Bienvenue ma Lémoni chérie dans ce monde bizarre. Comme Samuel ton cousin, les premiers visages que tu n'auras heureusement que perçus plutôt que vus, auront été masqués. Si un jour ta maman te montre la première photo que ton papa aura faite de toi dans un câlin peau à peau avec elle, tu la verras avec le masque sur le menton. Drôle de barbichette pour un drôle de bal.
Si on m'avait dit un jour que deux de mes petits-enfants verraient le jour en pleine pandémie, j'aurais été terrifiée. Et pourtant non, le bonheur de ces naissances reste intact.

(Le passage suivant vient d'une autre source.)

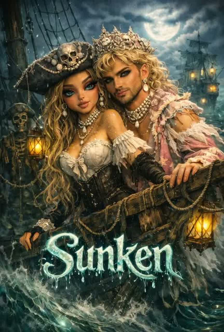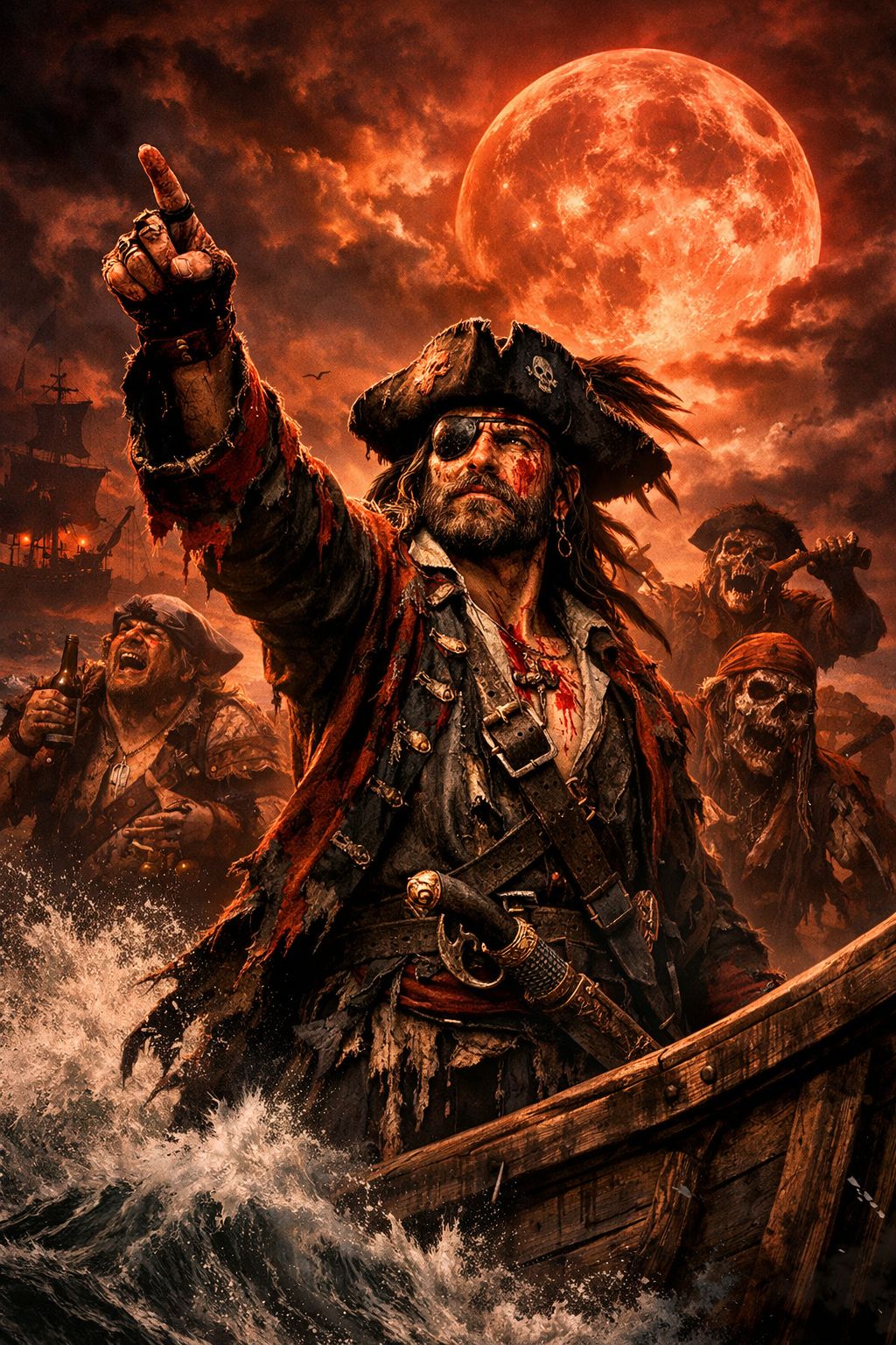 dramatisch traurig epochelaler melodramatisch Shantyhop Song, mit metal, rock, country elemente und Shantyhop chor canon, male vocals, tiefe männliche gebrochene traurige Stimme mit starken spitzen, rauchige stimme mit einer typischen Piraten stimme und Piraten Chor Shanty style im hintergrund und im Refrain sehr stark vertretten als unterstützung„Dramatische Piraten-Rock-Ballade über verlorene Liebe, das Meer als Fluch, Unsterblichkeit als Last und eine gebrochene Seele auf der Suche nach Erlösung, Düster, emotional, bittersüß und hoffnungsvoll, Betrunkene Kriminelle Piraten metal shanty singen leidenschaftlich und mit voller herzblut und emotional einer weint beim singen bei einer intensiven song phase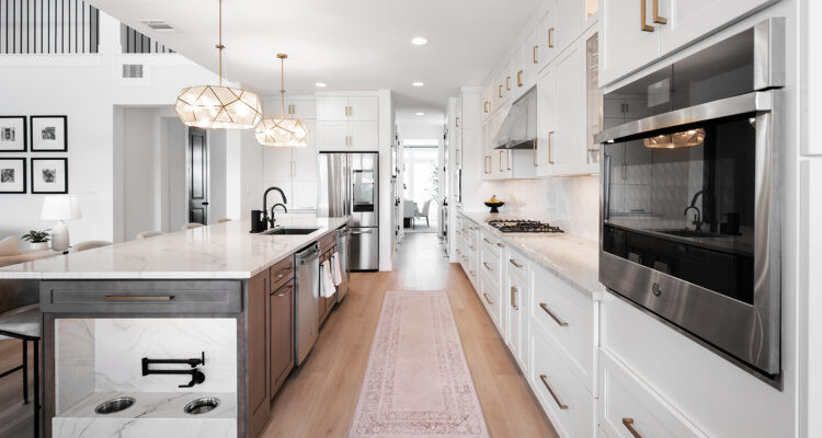 Cabinet IQ: It’s holding strong but evolving. Instead of traditional white uppers and darker lowers, we’re seeing mixed materials like wood and painted finishes together, different tones of the same color family, contrasting island statements, and interior cabinet finishes that differ from exteriors. The goal now is layered, curated, and intentional.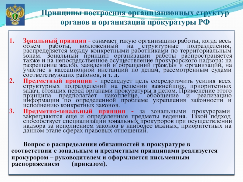 Вопрос о распределении обязанностей в прокуратуре в соответствии с зональным и предметным принципами реализуется прокурором – руководителем и оформляется письменным распоряжением (приказом).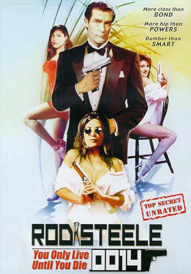 Rod Steele 0014: You Only Live Until You Die was released in 2001 with a DVD release date of April 30, 2002. The film is a 93-minute spoof on the James Bond franchise that stars Robert Donovan as Rod Steele, agent 0014. It is sometimes categorized as an erotic comedy, a parody or satirical in nature. The film was written and directed by Rolfe Kanefsky and produced by New Concorde Home Entertainment.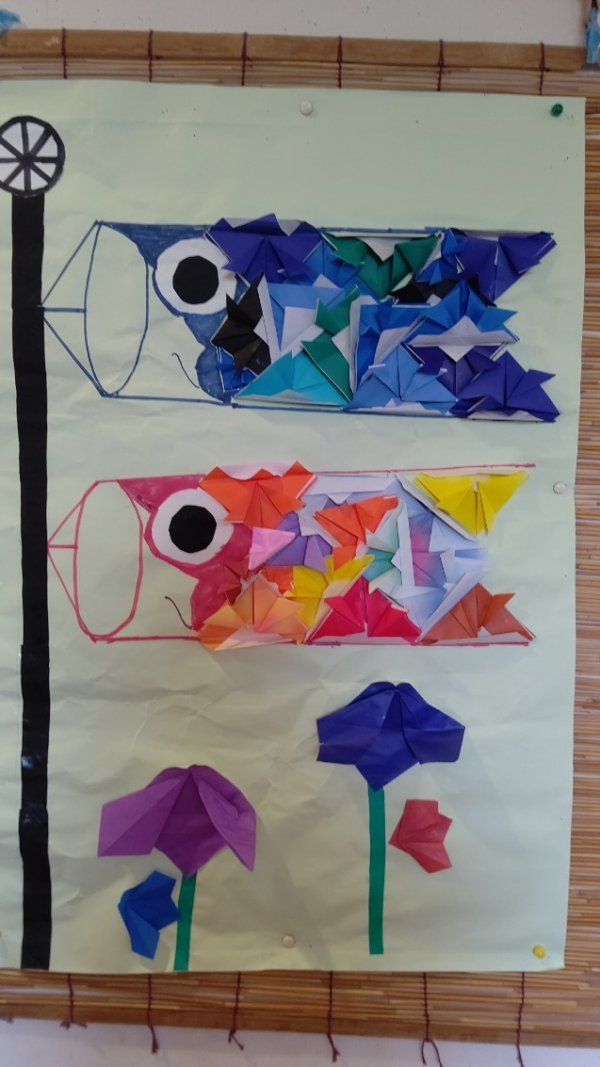 たくさんカブトを作ったら、カブトを鱗にして鯉のぼりを作ります。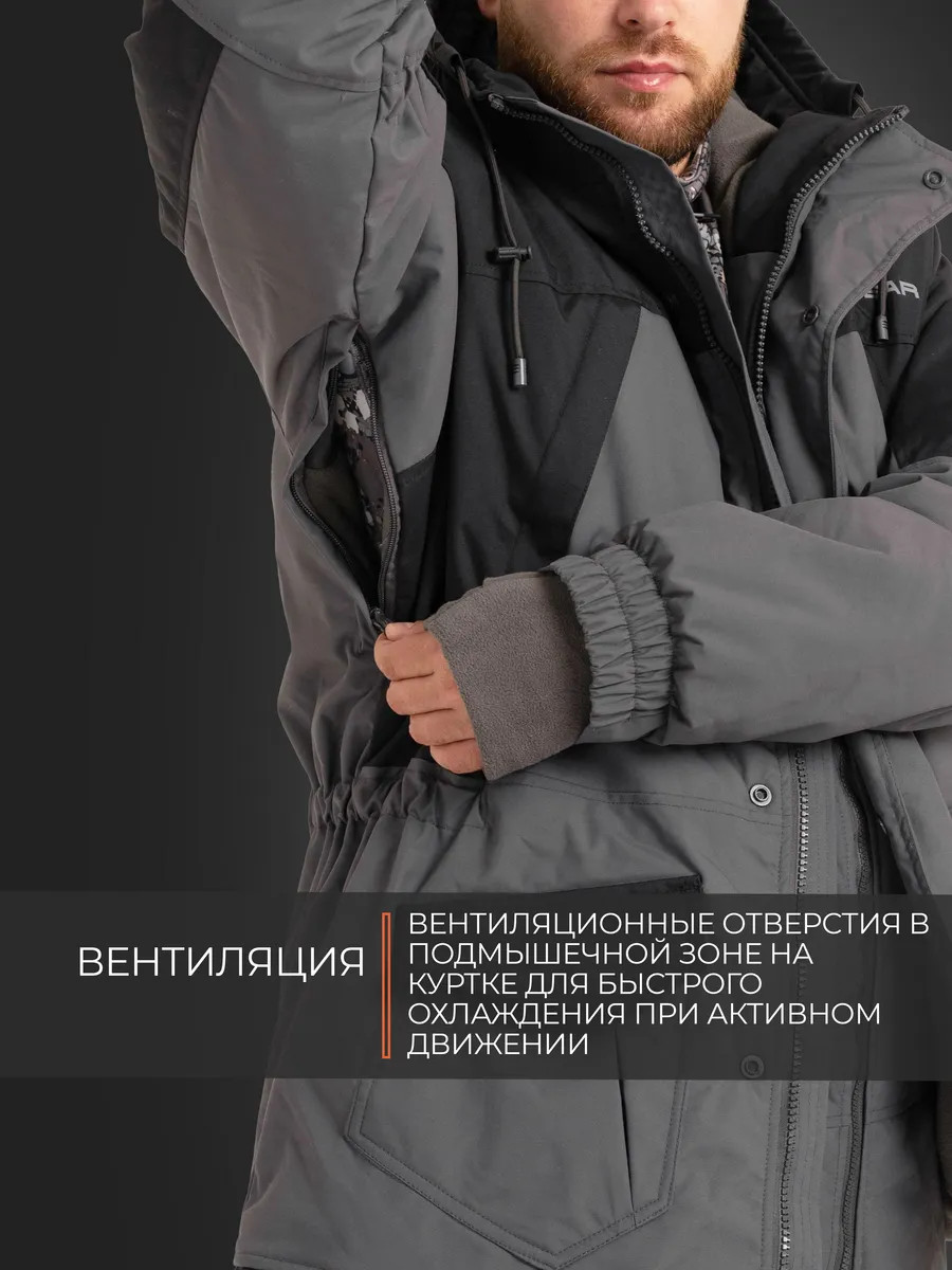 Зимний костюм STRONG -40 изготовлен из прочного материала Таслан, обеспечивающего защиту от холода и влаги в экстремальных условиях.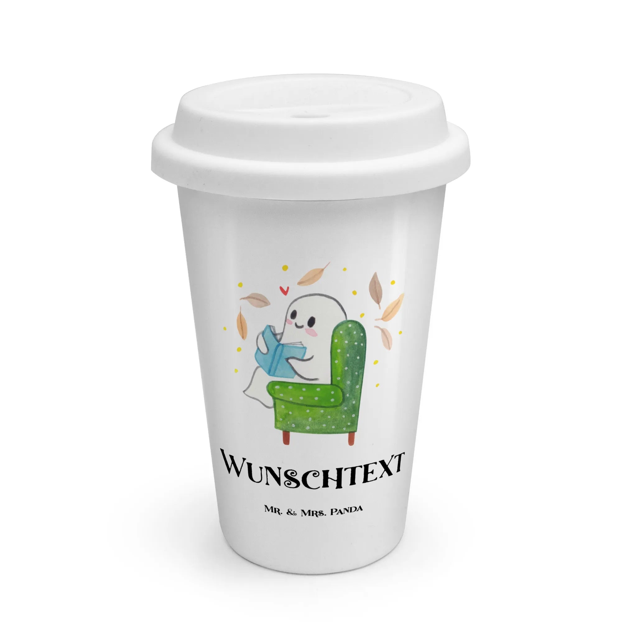 Stell dir vor: ein kuscheliger Herbstabend, du im Lieblingssessel und dein persönlicher To Go Becher mit Namen in der Hand. Unser Personalisierter To Go Becher „Gespenst Buch“ aus der Halloween Kollektion von Mr. & Mrs. Panda bringt genau dieses warme Gefühl zu dir. Das süße lesende Gespenst im grünen Sessel, das blaue Buch und das schwebende rote Herz schaffen eine liebevolle, herbstliche Atmosphäre – perfekt für Buchliebhaber und Gemütlichkeitsfans.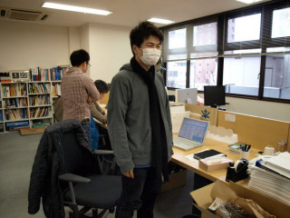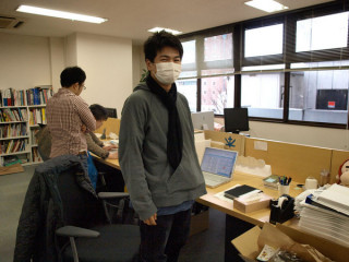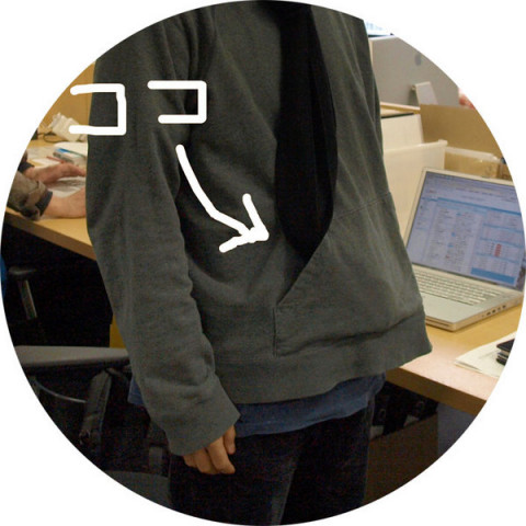 ほうじょうのポッケ 朝のミーティングが終わった後に、わたしは妙なものを目撃してしまいました。 とにかく気になったので、すぐに声をかけました。 それ、なんで?? 「長いから〜」 写真3枚目を見ていただくと、たしかに長くて、パーカーのすそよりも長いことがおわかりいただけるかと。 しかし、いつもそこのポッケにしまうの? 「はい、長いときには、しまいます」 変わってる! すっごい変わってるよそれ! 長くてじゃまということですかね。 おもしろいね、ほうじょうくんのポッケ。 花粉症、お大事に。 2010/03/10 16:11 |

Tu es belle comme un coeur et tu es encore plus zen que ta maman bébé. Elle-même a dû mal y croire, tant elle a vécu ces neuf mois en mode stress. Il faut croire que tu n'as rien d'une éponge. Ou que neuf mois passés en télétravail sont finalement bénéfiques si l'on exclut la période où il a fallu cumuler à la maison boulot-école-cantine-garderie et plus si affinités.
Il faudra quand même qu'on te raconte, ma poupée jolie, que ta maman a dû partir à la maternité en pleine nuit et que bien entendu, Nonno et moi avons bravé le couvre-feu pour venir garder ta grande soeur. Et que bien entendu, la surréaliste maréchaussée bruxelloise n'a pas manqué de nous remarquer, nous les deux sexagénaires masqués seuls dans la ville. Et que bien entendu, elle n'a pas voulu accepter notre excuse on ne peut plus valable - mais peut-être pas prévue dans leur liste ad hoc - pour contrevenir à la règle. Dans un dernier sursaut de bon sens - ou peut-être l'information ayant enfin trouvé le neurone assoupi -, l'agent fatigué nous a accordé un laisser-passer jusqu'à ta future maison.
Tu peux être sûre, ma Lémoni, que l'âge aidant, on te resservira l'histoire à chaque anniversaire, mais si jamais Alzheimer nous rattrape avant ou si, pire encore, tous les anniversaires à venir seront limités à deux participants maximum, il te restera ce billet pour te souvenir de l'anecdote.